┌────────
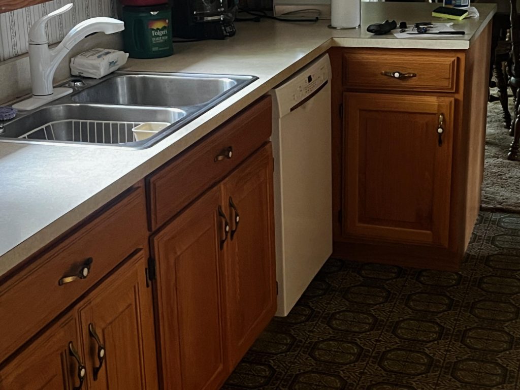 For example, the kitchen currently has carpet. This needs to be removed and replaced with a more “cooking-friendly” floor covering.
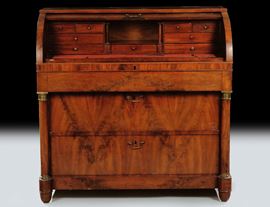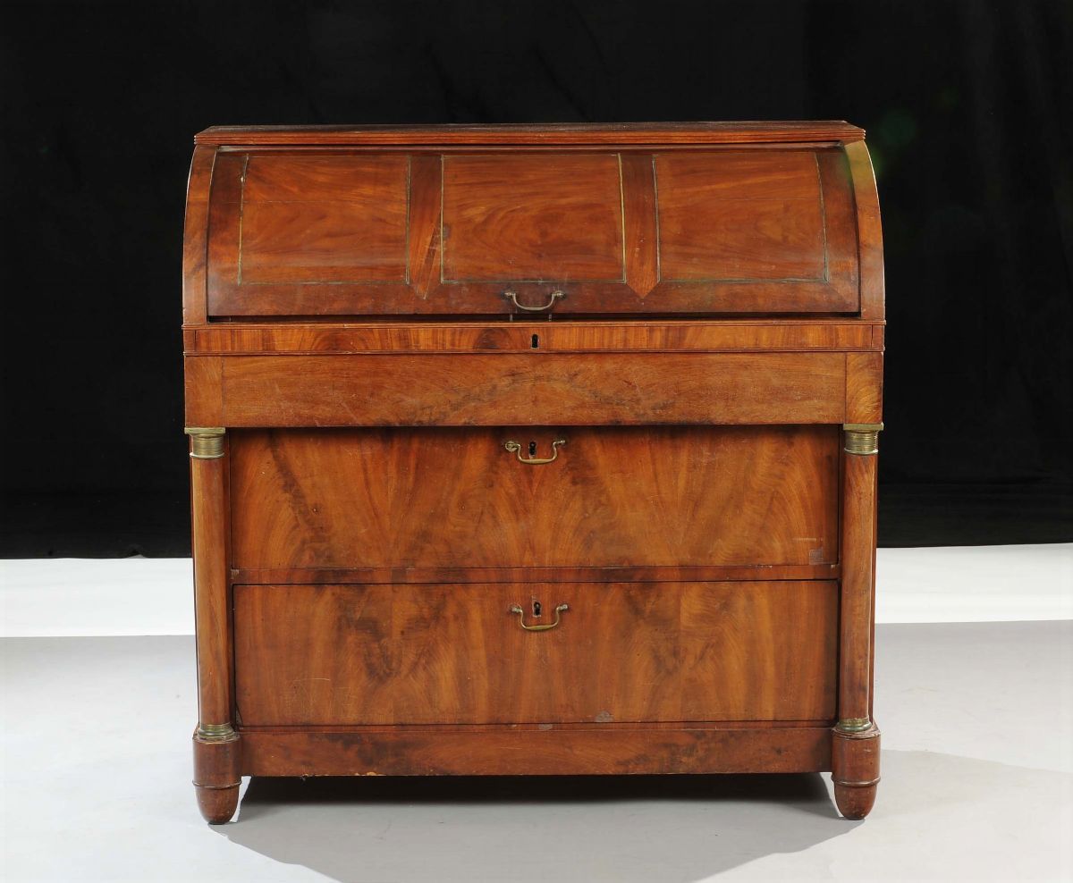 Ribalta a rullo Impero lastronata in noce e radica di noce, XIX secolo
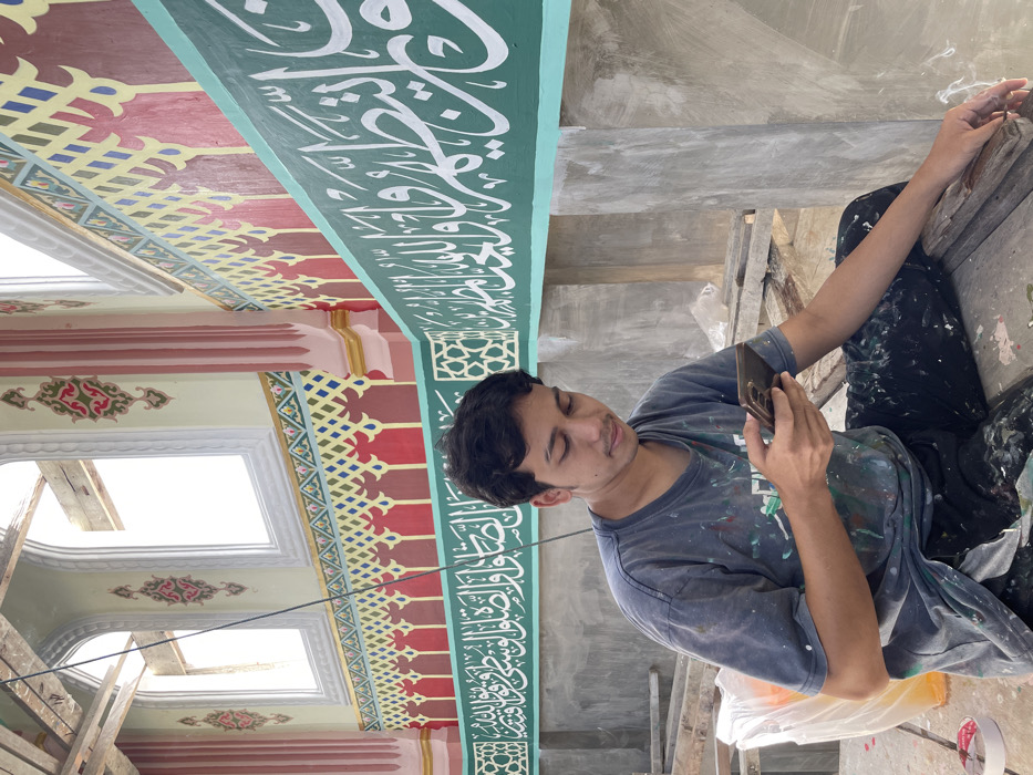 The image captures a young male seated within a mosque undergoing construction or renovation in Mns Asan, Indonesia. The male, with dark hair and a light complexion, wears a dark, paint-splattered t-shirt and pants. He is looking downwards, holding a dark-colored smartphone with both hands. He sits on a surface composed of wooden planks, with construction debris including plastic bags and a roll of tape visible nearby. The background features elaborately decorated interior walls. A prominent teal-green band displays white Arabic calligraphy, which appears to be a religious inscription. Above this band, the wall features intricate patterns, including red arched motifs and a yellow and blue geometric lattice. Further up, light-colored walls with pink-striped columns frame tall, arched windows that allow bright light to enter. Exposed wooden structural beams are visible above the windows, indicating ongoing architectural work.
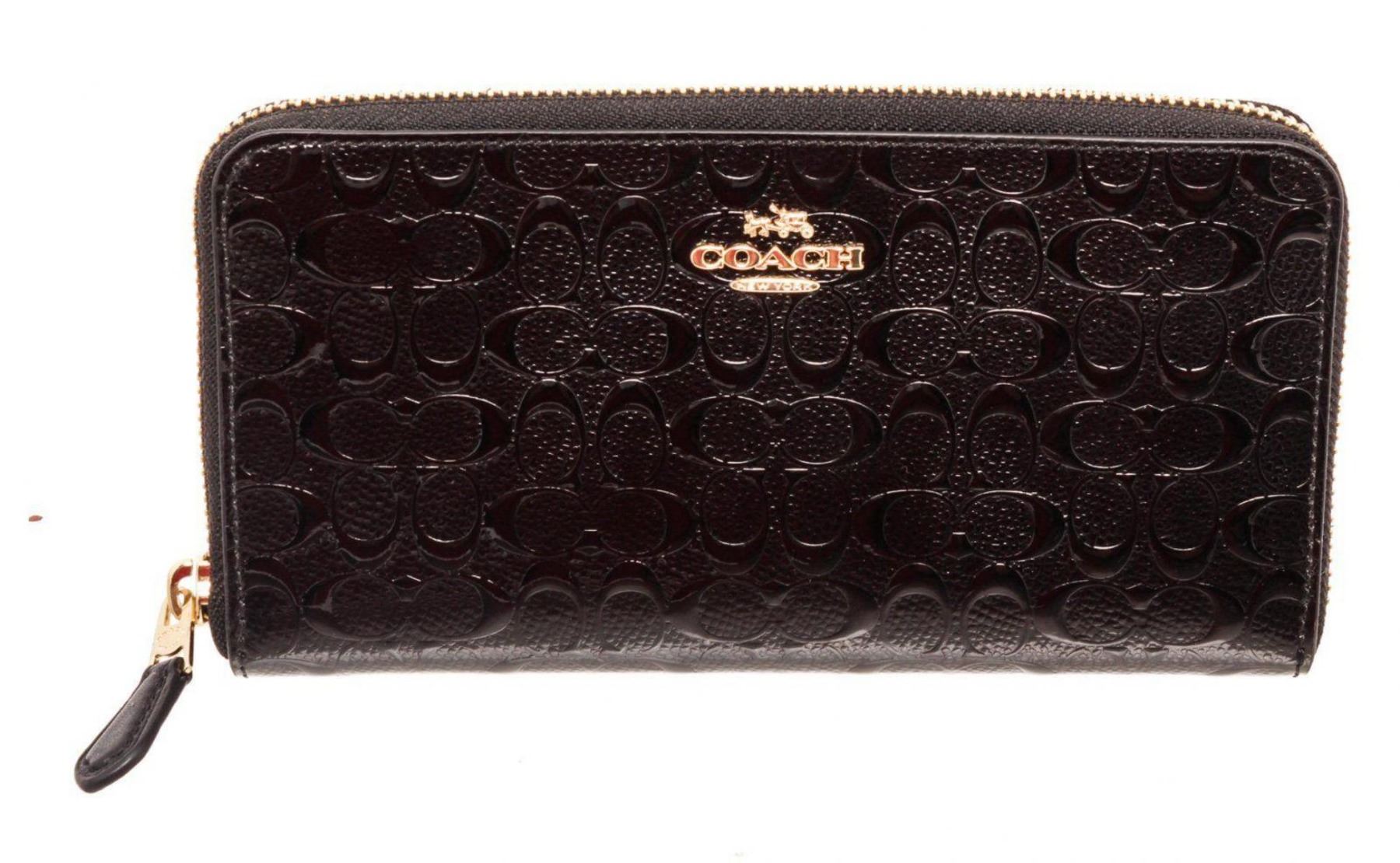 Coach black debossed logo leather zippy wallet with gold-tone hardware, logo placard at front, five interior compartments; one with zip closure, twelve cardholder slots and overall zip around closure. Measurements: Length: 8.4 in / 21 cm Width: 0.85 in / 2 cm 4.5 in / 11 cmCONDITION: Pre-Owned Good overall, please see photographs for detail.
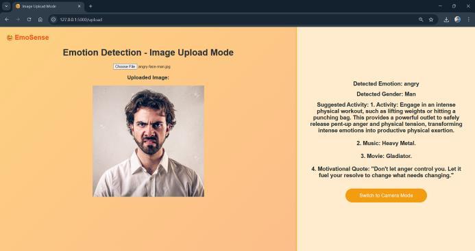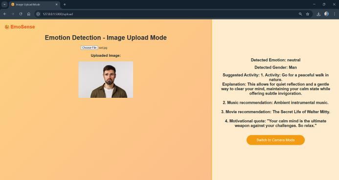 The systemsuccessfully displayed the live video feed with boundingboxesarounddetectedfacesandreal-timeupdates of detected emotions and suggested activities. Uploaded images also provided accurate detection and recommendations.
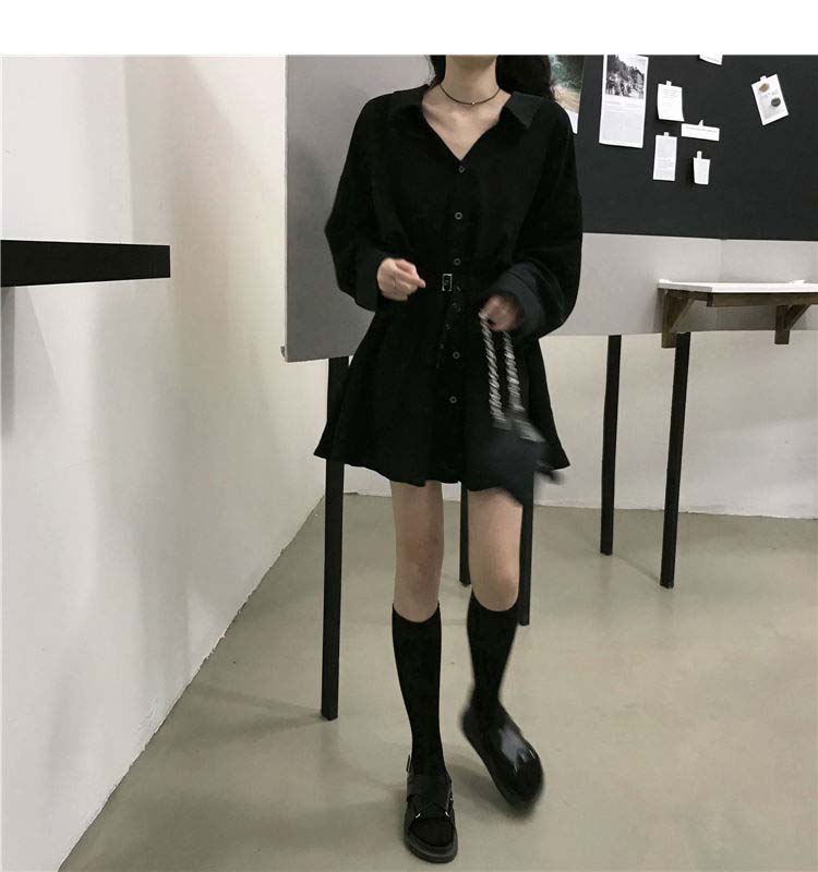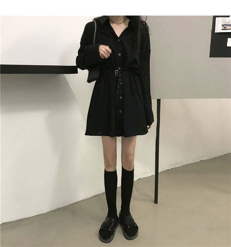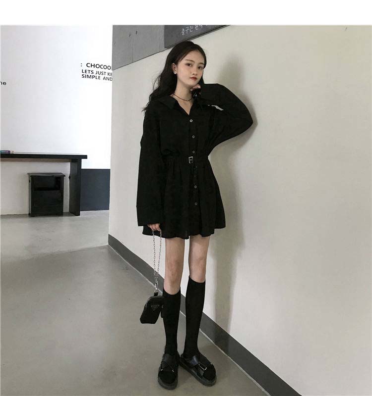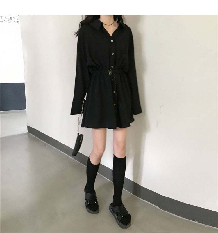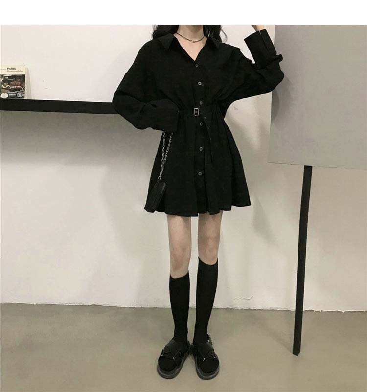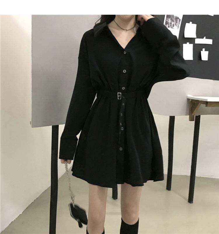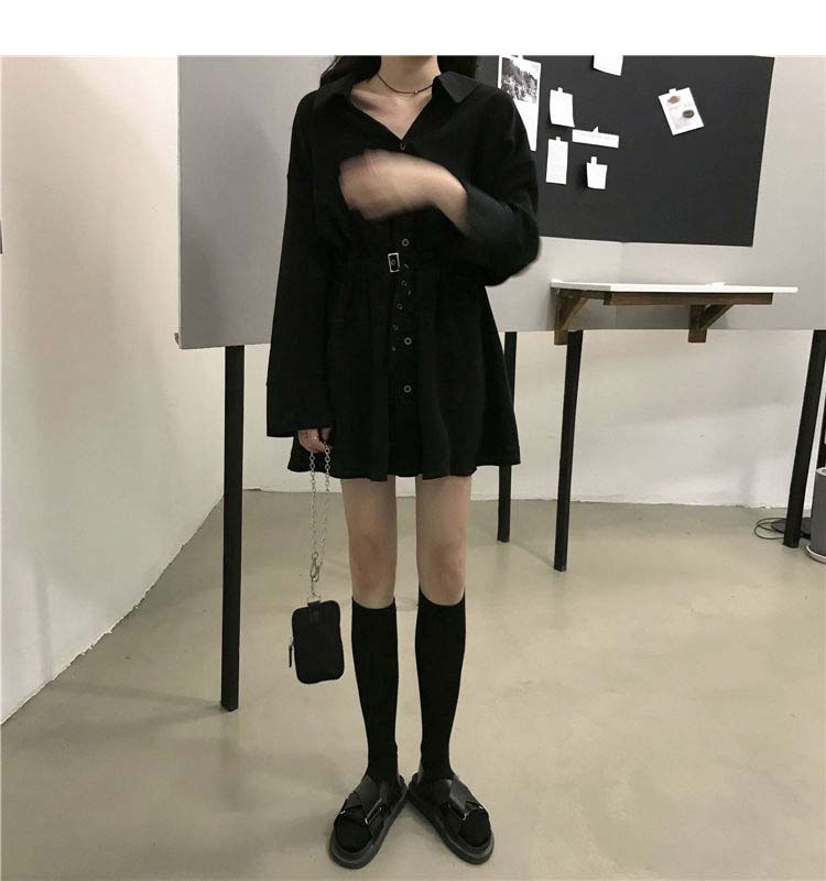 小黑裙子收腰显瘦气质长袖连衣裙女
└────────
== PROBLEM DETAILS ==
Except for the pictures, give the data again word for word.

== OUTPUT OF THE TASK ==
 For example, the kitchen currently has carpet. This needs to be removed and replaced with a more “cooking-friendly” floor covering.
 Ribalta a rullo Impero lastronata in noce e radica di noce, XIX secolo
 The image captures a young male seated within a mosque undergoing construction or renovation in Mns Asan, Indonesia. The male, with dark hair and a light complexion, wears a dark, paint-splattered t-shirt and pants. He is looking downwards, holding a dark-colored smartphone with both hands. He sits on a surface composed of wooden planks, with construction debris including plastic bags and a roll of tape visible nearby. The background features elaborately decorated interior walls. A prominent teal-green band displays white Arabic calligraphy, which appears to be a religious inscription. Above this band, the wall features intricate patterns, including red arched motifs and a yellow and blue geometric lattice. Further up, light-colored walls with pink-striped columns frame tall, arched windows that allow bright light to enter. Exposed wooden structural beams are visible above the windows, indicating ongoing architectural work.
 Coach black debossed logo leather zippy wallet with gold-tone hardware, logo placard at front, five interior compartments; one with zip closure, twelve cardholder slots and overall zip around closure. Measurements: Length: 8.4 in / 21 cm Width: 0.85 in / 2 cm 4.5 in / 11 cmCONDITION: Pre-Owned Good overall, please see photographs for detail.
 The systemsuccessfully displayed the live video feed with boundingboxesarounddetectedfacesandreal-timeupdates of detected emotions and suggested activities. Uploaded images also provided accurate detection and recommendations.
 小黑裙子收腰显瘦气质长袖连衣裙女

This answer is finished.